TASK GOAL: Leave out the pictures and reproduce all of the data exactly.

SUPPLIED INFORMATION:

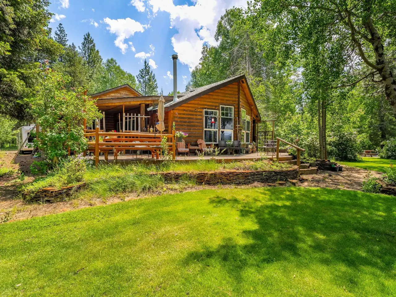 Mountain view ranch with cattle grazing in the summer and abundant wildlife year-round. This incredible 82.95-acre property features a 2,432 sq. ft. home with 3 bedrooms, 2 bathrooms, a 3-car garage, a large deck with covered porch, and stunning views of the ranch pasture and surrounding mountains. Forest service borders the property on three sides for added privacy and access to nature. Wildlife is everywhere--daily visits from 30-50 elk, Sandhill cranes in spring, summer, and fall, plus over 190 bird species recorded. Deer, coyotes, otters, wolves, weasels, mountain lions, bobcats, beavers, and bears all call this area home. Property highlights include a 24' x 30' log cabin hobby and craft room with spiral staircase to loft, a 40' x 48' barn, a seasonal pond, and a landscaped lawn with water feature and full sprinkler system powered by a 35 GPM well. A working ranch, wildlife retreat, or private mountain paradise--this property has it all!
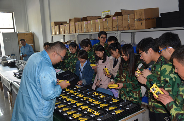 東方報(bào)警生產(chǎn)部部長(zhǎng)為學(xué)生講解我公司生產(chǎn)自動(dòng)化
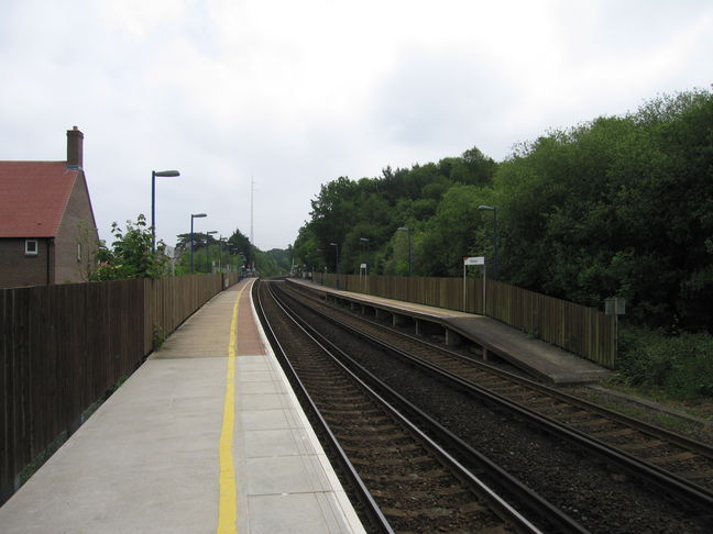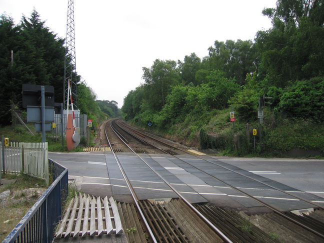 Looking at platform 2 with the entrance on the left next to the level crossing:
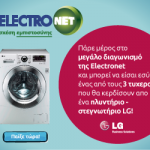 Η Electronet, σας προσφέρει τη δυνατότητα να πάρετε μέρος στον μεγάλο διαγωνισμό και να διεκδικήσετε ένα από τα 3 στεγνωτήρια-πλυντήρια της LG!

WRITTEN RESPONSE:
 Mountain view ranch with cattle grazing in the summer and abundant wildlife year-round. This incredible 82.95-acre property features a 2,432 sq. ft. home with 3 bedrooms, 2 bathrooms, a 3-car garage, a large deck with covered porch, and stunning views of the ranch pasture and surrounding mountains. Forest service borders the property on three sides for added privacy and access to nature. Wildlife is everywhere--daily visits from 30-50 elk, Sandhill cranes in spring, summer, and fall, plus over 190 bird species recorded. Deer, coyotes, otters, wolves, weasels, mountain lions, bobcats, beavers, and bears all call this area home. Property highlights include a 24' x 30' log cabin hobby and craft room with spiral staircase to loft, a 40' x 48' barn, a seasonal pond, and a landscaped lawn with water feature and full sprinkler system powered by a 35 GPM well. A working ranch, wildlife retreat, or private mountain paradise--this property has it all!
 東方報(bào)警生產(chǎn)部部長(zhǎng)為學(xué)生講解我公司生產(chǎn)自動(dòng)化
 Looking at platform 2 with the entrance on the left next to the level crossing:
 Η Electronet, σας προσφέρει τη δυνατότητα να πάρετε μέρος στον μεγάλο διαγωνισμό και να διεκδικήσετε ένα από τα 3 στεγνωτήρια-πλυντήρια της LG!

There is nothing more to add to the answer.